* [What to work on] Only the lines from the one with "1 : 11,下跌趋势角度: 48.2,2021-06-23向↘︎形成缺口,跳空下跌-28.64%˚" through the last line of the records below belong in your answer, reproduced exactly and with the pictures left out.

* [Input records]

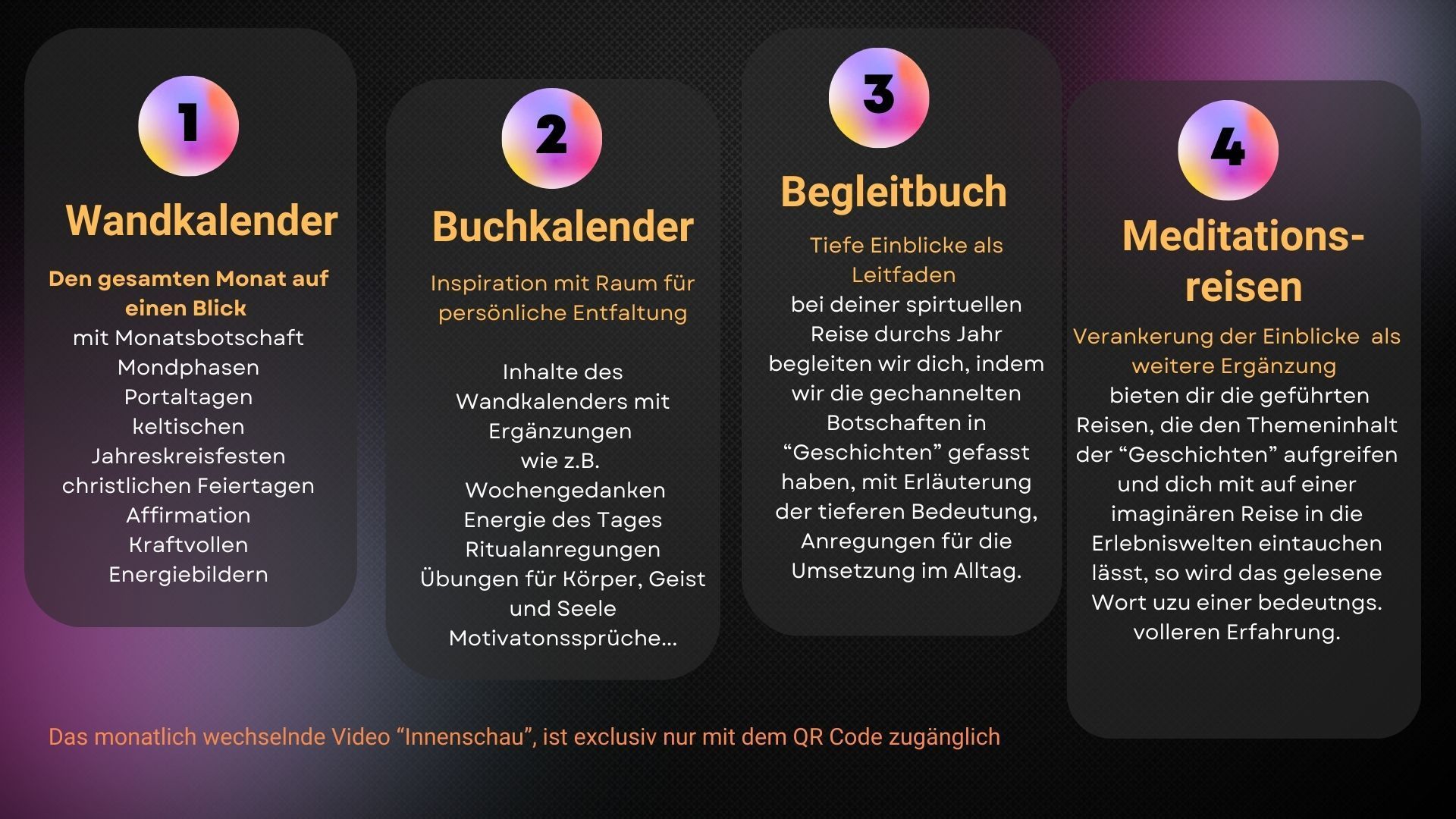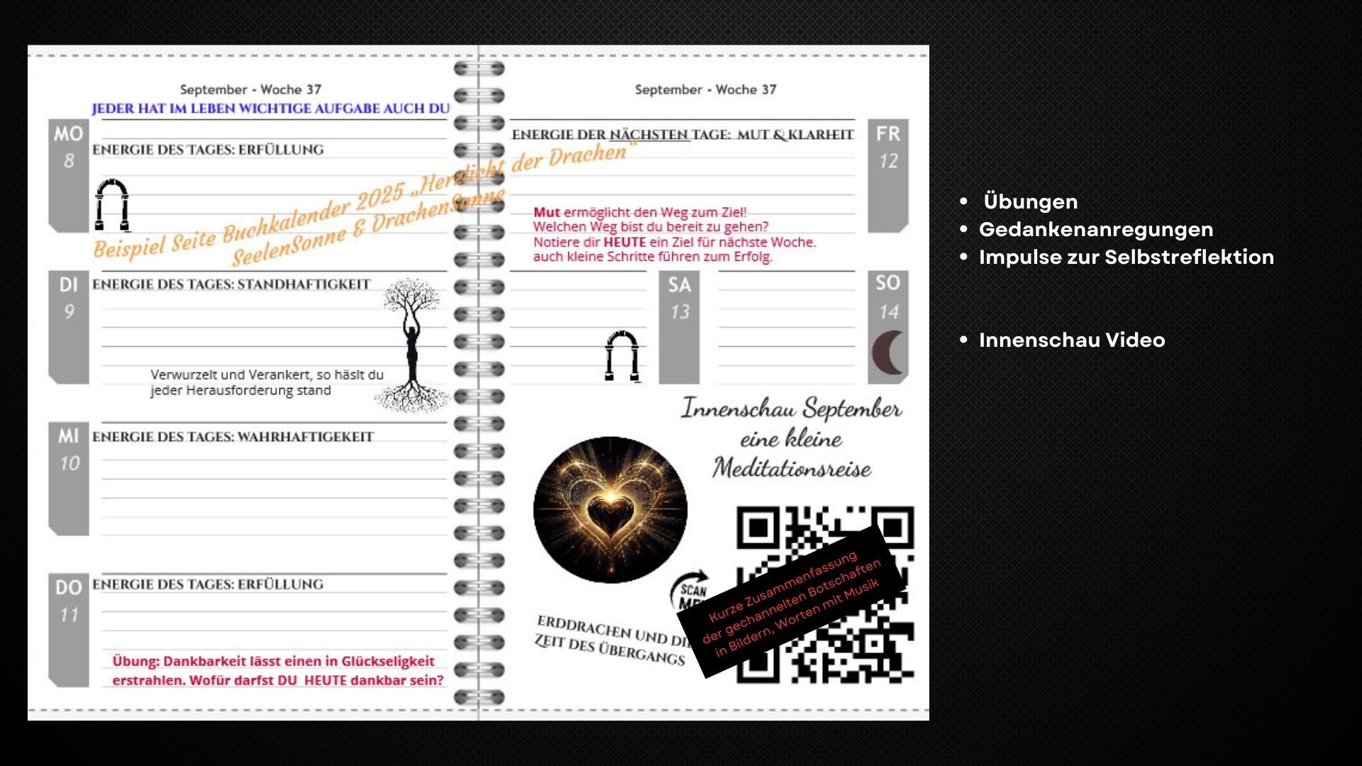 - Monatliches Innenschau-Video: Lasse dich von unserem exklusiven Innenschau-Video mit Mediation und Kraftbild leiten. Tanken Ruhe, finden Sie Klarheit und verbindedich mit deiner inneren Kraft. Eine Besonderheit: mittel QR Code zum scannen gelangst du zu einem eigens zum Monat gestalteten Video, dass dich auf eine kleine Meditationsreise mitnimmt.
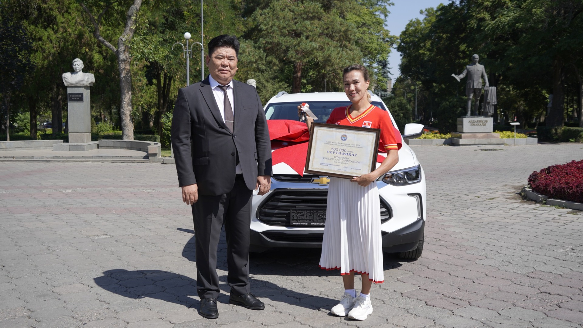 Легкоатлетка получила сертификат на 500 тысяч сомов и ключи от автомобиля Chevrolet Tracker.
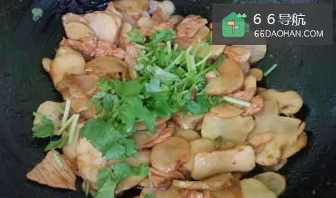 6最后,我们放入少量的香菜碎,小火炒匀就可以出锅了。
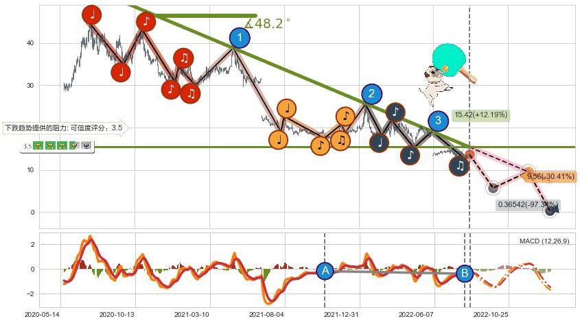 从2020-07-10至2022-08-12,共包含510个交易日,阶段股价下跌-89.83%,阶段股价变动位移路程比: 1 : 11,下跌趋势角度: 48.2,2021-06-23向↘︎形成缺口,跳空下跌-28.64%˚
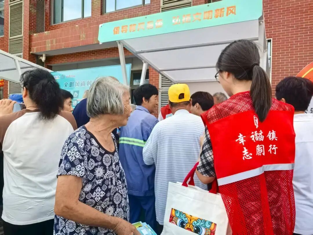 早晨,庙镇社区党群服务中心的广场人头攒动,热闹非凡。志愿服务活动吸引了许多市民,爱心义诊摊位前排起长队,医护人员为群众耐心讲解疾病预防、合理膳食知识。志愿者结合当前社会风尚建设相关要求,通过生动案例与通俗语言,向居民传递文明礼仪、邻里和睦、勤俭节约等重要理念。
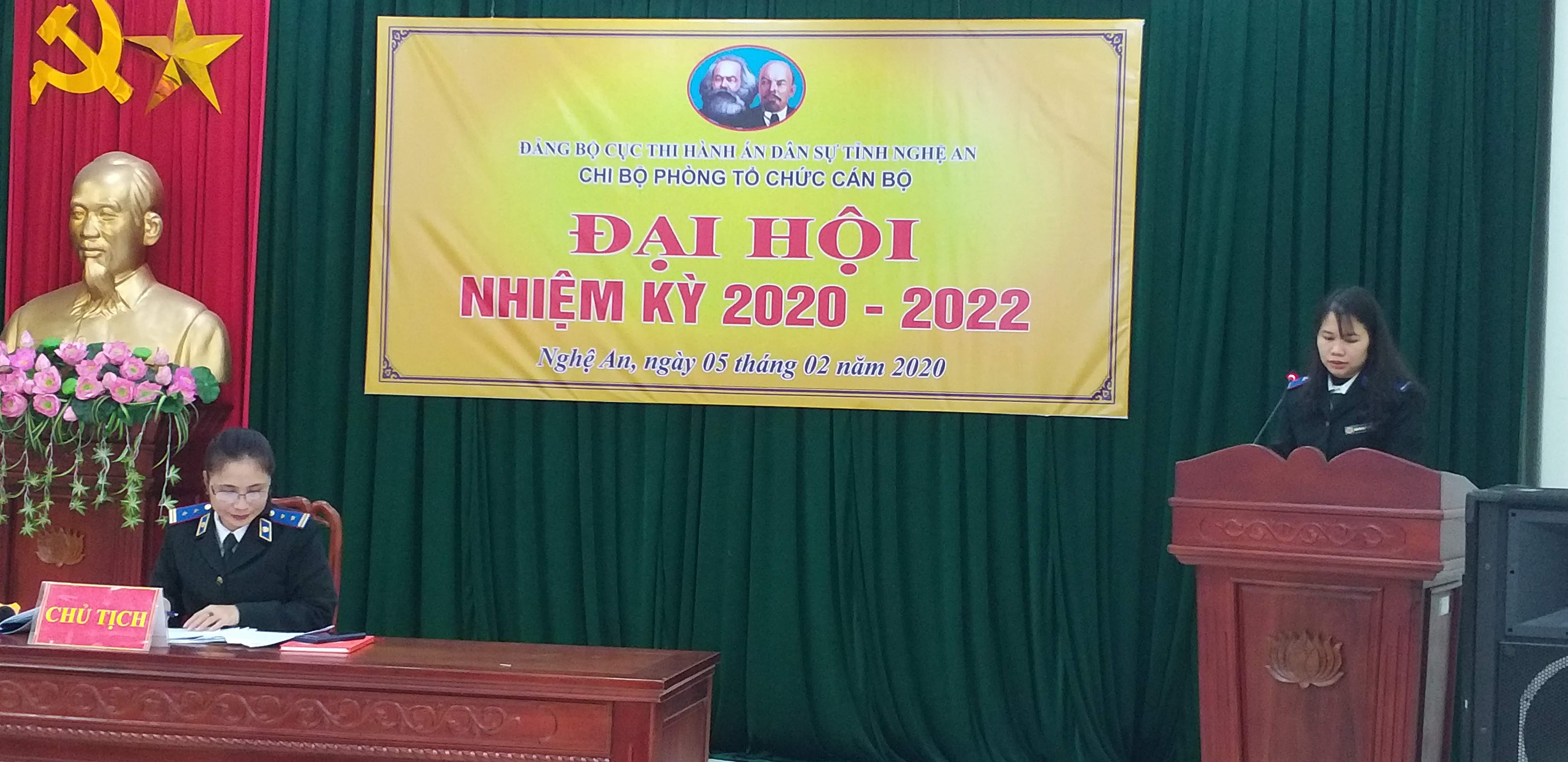 Cũng tại Đại hội của 05 Chi bộ, 100% đảng viên các Chi bộ đều đã nhất trí thông qua Nghị quyết Đại hội nhiệm kỳ 2020-2022 và nêu cao quyết tâm hoàn thành các phương hướng, chỉ tiêu, nhiệm vụ đã đề ra, góp phần xây dựng Đảng bộ Cục Thi hành án dân sự tỉnh Nghệ An ngày càng trong sạch, vững mạnh.

* [Task answer]
 从2020-07-10至2022-08-12,共包含510个交易日,阶段股价下跌-89.83%,阶段股价变动位移路程比: 1 : 11,下跌趋势角度: 48.2,2021-06-23向↘︎形成缺口,跳空下跌-28.64%˚
 早晨,庙镇社区党群服务中心的广场人头攒动,热闹非凡。志愿服务活动吸引了许多市民,爱心义诊摊位前排起长队,医护人员为群众耐心讲解疾病预防、合理膳食知识。志愿者结合当前社会风尚建设相关要求,通过生动案例与通俗语言,向居民传递文明礼仪、邻里和睦、勤俭节约等重要理念。
 Cũng tại Đại hội của 05 Chi bộ, 100% đảng viên các Chi bộ đều đã nhất trí thông qua Nghị quyết Đại hội nhiệm kỳ 2020-2022 và nêu cao quyết tâm hoàn thành các phương hướng, chỉ tiêu, nhiệm vụ đã đề ra, góp phần xây dựng Đảng bộ Cục Thi hành án dân sự tỉnh Nghệ An ngày càng trong sạch, vững mạnh.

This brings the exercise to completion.